— What you will do —
Exercise in exact copying: restate word for word only the lines below from the one containing "The Bestier electric" through the one containing "تصميم الجرافيك) وغيرها.", omitting any pictures.

— Data for the task —
============
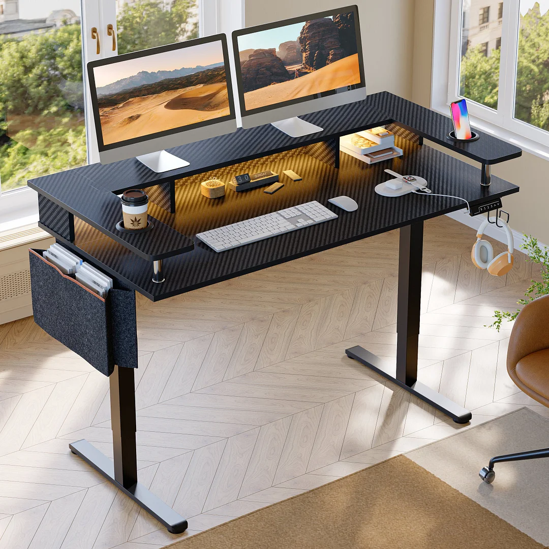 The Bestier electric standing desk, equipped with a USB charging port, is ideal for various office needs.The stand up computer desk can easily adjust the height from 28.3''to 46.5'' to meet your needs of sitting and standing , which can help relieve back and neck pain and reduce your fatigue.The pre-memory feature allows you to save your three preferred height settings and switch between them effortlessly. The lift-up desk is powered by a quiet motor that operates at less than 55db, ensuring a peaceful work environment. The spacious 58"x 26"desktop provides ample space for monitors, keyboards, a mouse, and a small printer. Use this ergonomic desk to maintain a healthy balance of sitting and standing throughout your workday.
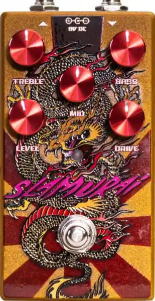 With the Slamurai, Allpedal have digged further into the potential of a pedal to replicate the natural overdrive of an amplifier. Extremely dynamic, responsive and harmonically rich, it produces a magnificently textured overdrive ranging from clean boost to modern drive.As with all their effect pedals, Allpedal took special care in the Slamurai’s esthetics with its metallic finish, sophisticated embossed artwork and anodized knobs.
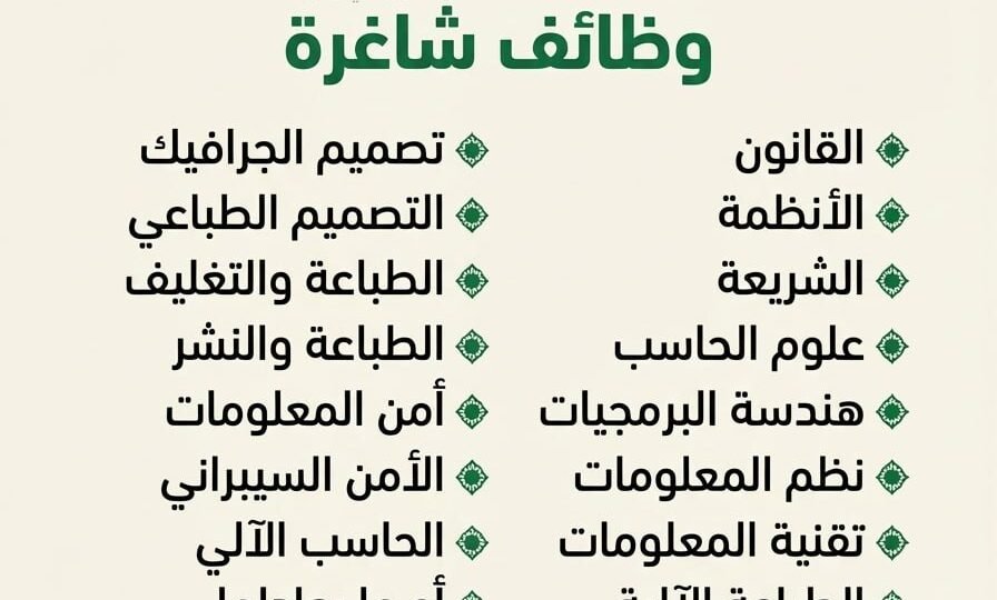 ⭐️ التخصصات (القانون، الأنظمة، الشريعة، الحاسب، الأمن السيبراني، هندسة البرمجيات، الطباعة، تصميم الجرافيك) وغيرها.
============
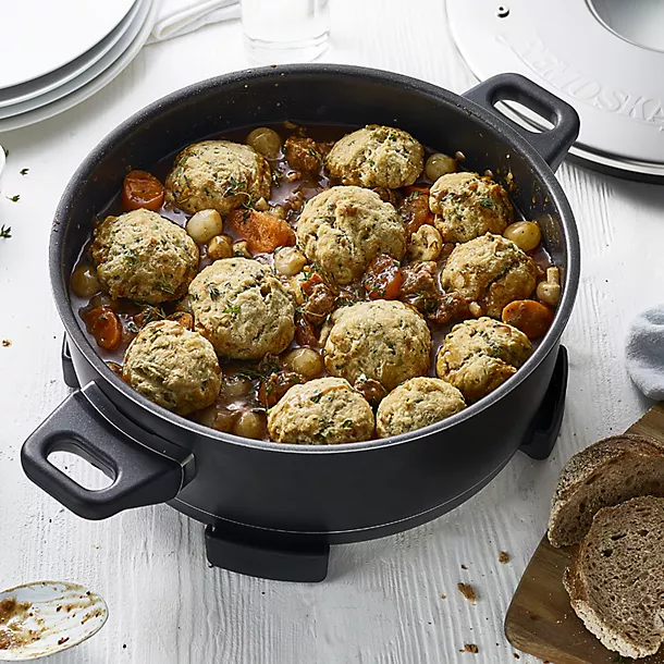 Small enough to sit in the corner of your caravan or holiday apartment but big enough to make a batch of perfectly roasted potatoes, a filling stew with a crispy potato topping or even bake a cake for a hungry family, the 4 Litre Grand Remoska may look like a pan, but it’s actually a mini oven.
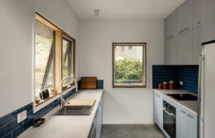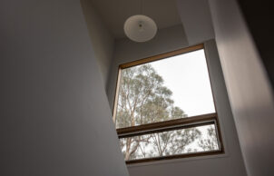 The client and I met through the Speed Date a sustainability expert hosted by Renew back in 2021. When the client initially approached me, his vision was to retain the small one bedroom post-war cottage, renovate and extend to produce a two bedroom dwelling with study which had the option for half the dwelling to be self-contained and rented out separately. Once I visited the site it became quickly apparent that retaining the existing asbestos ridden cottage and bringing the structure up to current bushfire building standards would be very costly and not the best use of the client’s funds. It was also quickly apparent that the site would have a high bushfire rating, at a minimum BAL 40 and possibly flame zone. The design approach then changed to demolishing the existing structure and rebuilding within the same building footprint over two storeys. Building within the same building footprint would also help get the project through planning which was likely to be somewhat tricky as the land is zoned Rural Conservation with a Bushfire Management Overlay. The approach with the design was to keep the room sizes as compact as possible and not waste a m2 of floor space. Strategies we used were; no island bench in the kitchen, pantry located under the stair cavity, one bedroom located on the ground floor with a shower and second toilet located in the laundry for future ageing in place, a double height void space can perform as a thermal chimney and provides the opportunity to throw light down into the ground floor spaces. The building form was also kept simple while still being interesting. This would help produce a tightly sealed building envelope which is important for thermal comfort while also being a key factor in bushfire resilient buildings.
============
— Answer section —
 The Bestier electric standing desk, equipped with a USB charging port, is ideal for various office needs.The stand up computer desk can easily adjust the height from 28.3''to 46.5'' to meet your needs of sitting and standing , which can help relieve back and neck pain and reduce your fatigue.The pre-memory feature allows you to save your three preferred height settings and switch between them effortlessly. The lift-up desk is powered by a quiet motor that operates at less than 55db, ensuring a peaceful work environment. The spacious 58"x 26"desktop provides ample space for monitors, keyboards, a mouse, and a small printer. Use this ergonomic desk to maintain a healthy balance of sitting and standing throughout your workday.
 With the Slamurai, Allpedal have digged further into the potential of a pedal to replicate the natural overdrive of an amplifier. Extremely dynamic, responsive and harmonically rich, it produces a magnificently textured overdrive ranging from clean boost to modern drive.As with all their effect pedals, Allpedal took special care in the Slamurai’s esthetics with its metallic finish, sophisticated embossed artwork and anodized knobs.
 ⭐️ التخصصات (القانون، الأنظمة، الشريعة، الحاسب، الأمن السيبراني، هندسة البرمجيات، الطباعة، تصميم الجرافيك) وغيرها.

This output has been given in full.